Menurut Carillo, et.al (2003), banyak perusahaan telah memahami
pentingnya mengelola pengetahuan organisasi, namun pertanyaan muncul yaitu
bagaimana mengevaluasi keuntungan/manfaat yang manajemen pengetahuan, dengan
tahapan : mengembangkan strategi bisnis, strategi manajemen pengetahuan dan
strategi evaluasi manajemen pengetahuan.
Menurut Weggeman di dalam Der-Fu (2004) membedakan proses
manajemen pengetahuan menjadi 4 yaitu : kebutuhan terhadappengetahuan yang
sifatnya strategis, identifikasi pengetahuan yang dibutuhkan dan yang telah tersedia,
knowledge gap difokuskan pada pengetahuan baru dan pengetahuan yang telah
tersedia disosialisasikan secara intensif.

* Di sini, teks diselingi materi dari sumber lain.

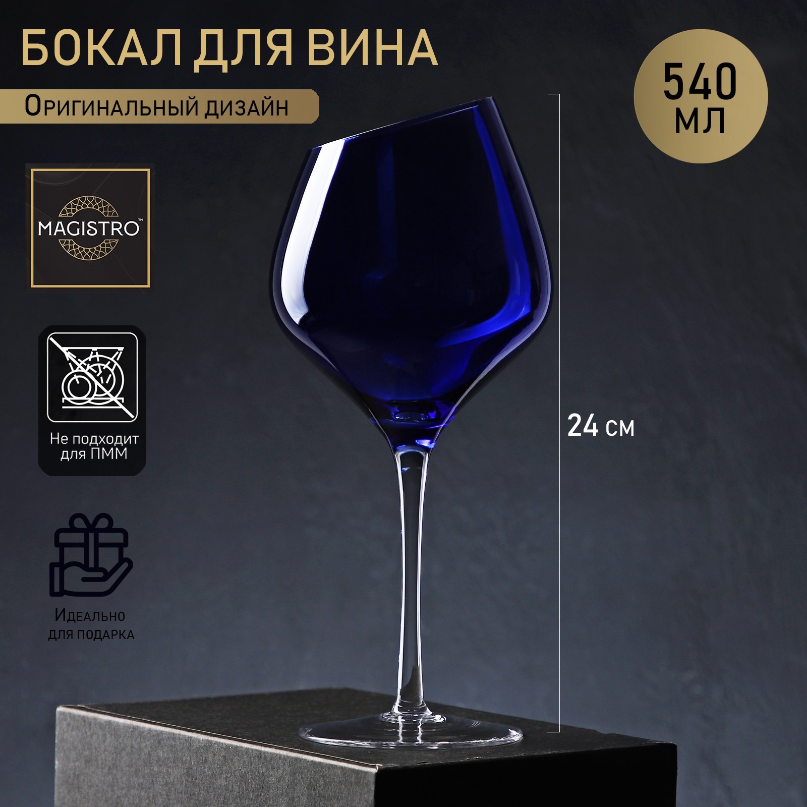 Бокал стеклянный для вина Magistro «иллюзия», 540 мл, 10x24 см, ножка прозрачная, цвет синий
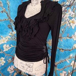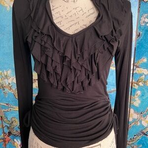 This black, ruffle and ruched Arden B long sleeved blouse has only been worn a couple of times. It’s in perfect condition. The rayon blended with spandex makes it stretchy and very soft to the touch.

Menurut Cheung et.al (2005) di dalam Soltero, et.al (2006) menyatakan
bahwa jika pengetahuan dikelola dengan baik, maka organisasi dapat menggunakan
20
pengetahuan tersebut untuk menciptakan pengetahuan yang baru dan gagasan yang
inovatif. Oleh karenanya, hal tersebut akan membantu organisasi untuk menciptakan
value/nilai bagi organisasi.
Menurut Liebowitz et.al, (2000) di dalam Soltero, et.al (2006) menyatakan
bahwa dengan mengidentifikasi pengetahuan yang dimiliki maka hal ini akan
memungkinkan untuk menemukan metode yang paling efektif untuk melakukan
penyimpanan dan pendistribusian pengetahuan dan akan menjadi dasar bagi
organisasi untuk mengevaluasi kebutuhan perubahan organisasi. Salah satu bagian
dari audit pengetahuan adalah menangkap pengetahuan yang bersifat tacit.
Penelitian ini akan menerjemahkan konsep-konsep tersebut diatas menjadi
variable manifest untuk variabel laten methodologi.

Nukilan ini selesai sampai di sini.